Testing strong lensing subhalo detection with a cosmological simulation

TL;DR

This study evaluates the effectiveness of strong lensing techniques in detecting small subhaloes within simulated galaxies, highlighting the importance of model complexity in accurately identifying subhalo properties.

Contribution

It demonstrates that simple power-law models can miss or misestimate subhaloes, while complex models with stellar and dark matter components improve detection accuracy.

Findings

Power-law models yield no false positives for elliptical lenses.

Complex models accurately recover subhalo mass in complex galaxy structures.

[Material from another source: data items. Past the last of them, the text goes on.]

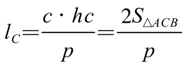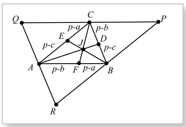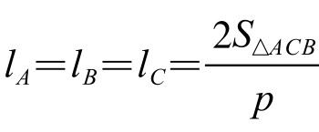 过A、B、C分别作对边平行线,交成△PQR,如图5-5-2。且设J到PQ、PR、QR距离分别为lC, lB, lA;J到AB的距离为hc,则 。因此,
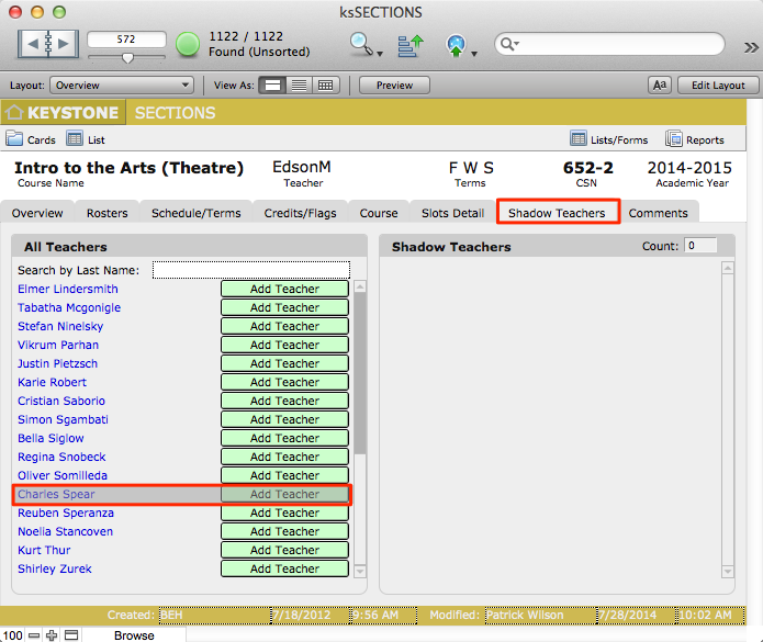 - The newly-added teacher will appear in the Shadow teachers area of this section.
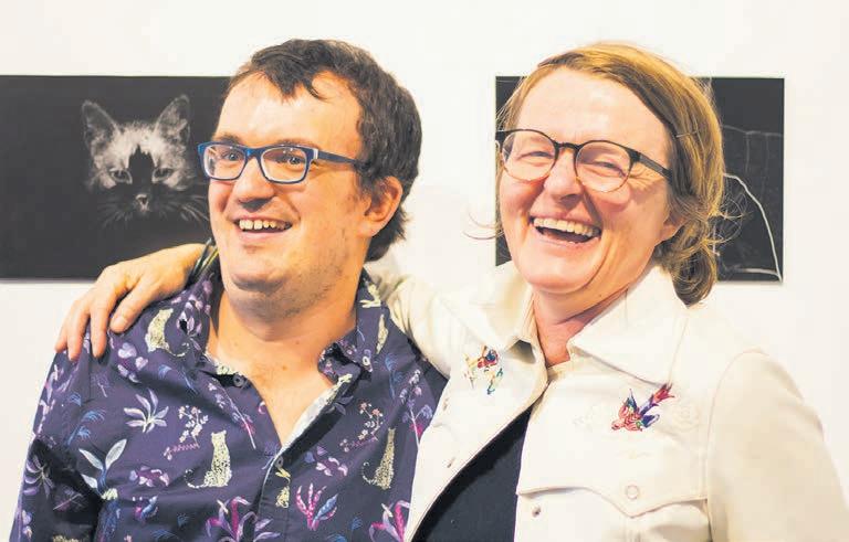 p Dargaville artist Liam Martyn Astbury was one of the featured creators at the recent Whangarei Fringe Festival, where he took up residence for the duration in the Megan Dickinson Gallery. An artist’s talk, during which he described his process, inspiration and the thought behind his works, was very well attended, and the engagement has led to other opportunities to display. Here he is pictured with his former tertiary-level arts tutor Lisa Clunie.
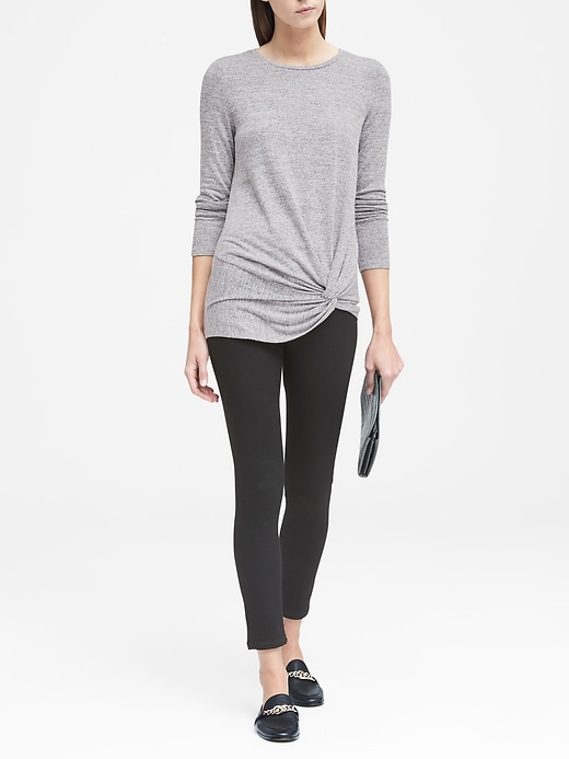 This is one of my favorites so far. It gives you the effect of the 90’s waist tie look, but makes it a little more tailored. When every shirt seems to have puff or flared sleeves, it’s nice to see some architecture on the waist instead of the sleeve. I think most of these looks would look great with a high waisted jean, or stylish during a workout.

Projection shape affects detection accuracy and false positive rates.

Abstract

Strong gravitational lensing offers a compelling test of the cold dark matter paradigm, as it allows for subhaloes with masses of $\sim10^{9}$ M$_\odot$ and below to be detected. We test commonly-used techniques for detecting subhaloes superposed in images of strongly lensed galaxies. For the lens we take a simulated galaxy in a $\sim10^{13}$ M$_\odot$ halo grown in a high-resolution cosmological hydrodynamical simulation, which we view from two different directions. Though the resolution is high, we note the simulated galaxy still has an artificial core which adds additional complexity to the baryon dominated region. To remove particle noise, we represent the projected galaxy mass distribution by a series of Gaussian profiles which precisely capture the features of the projected galaxy. We first model the lens mass as a (broken) power-law density profile and then search for small haloes. Of the two projections, one has a regular elliptical shape, while the other has distinct deviations from an elliptical shape. For the former, the broken power-law model gives no false positives and correctly recovers the mass of the superposed small halo, but for the latter we find false positives and the inferred halo mass is overestimated by $\sim4-5$ times. We then use a more complex model in which the lens mass is decomposed into stellar and dark matter components. In this case, we show that we can capture the simulated galaxy's complex projected structures and correctly infer the input small halo.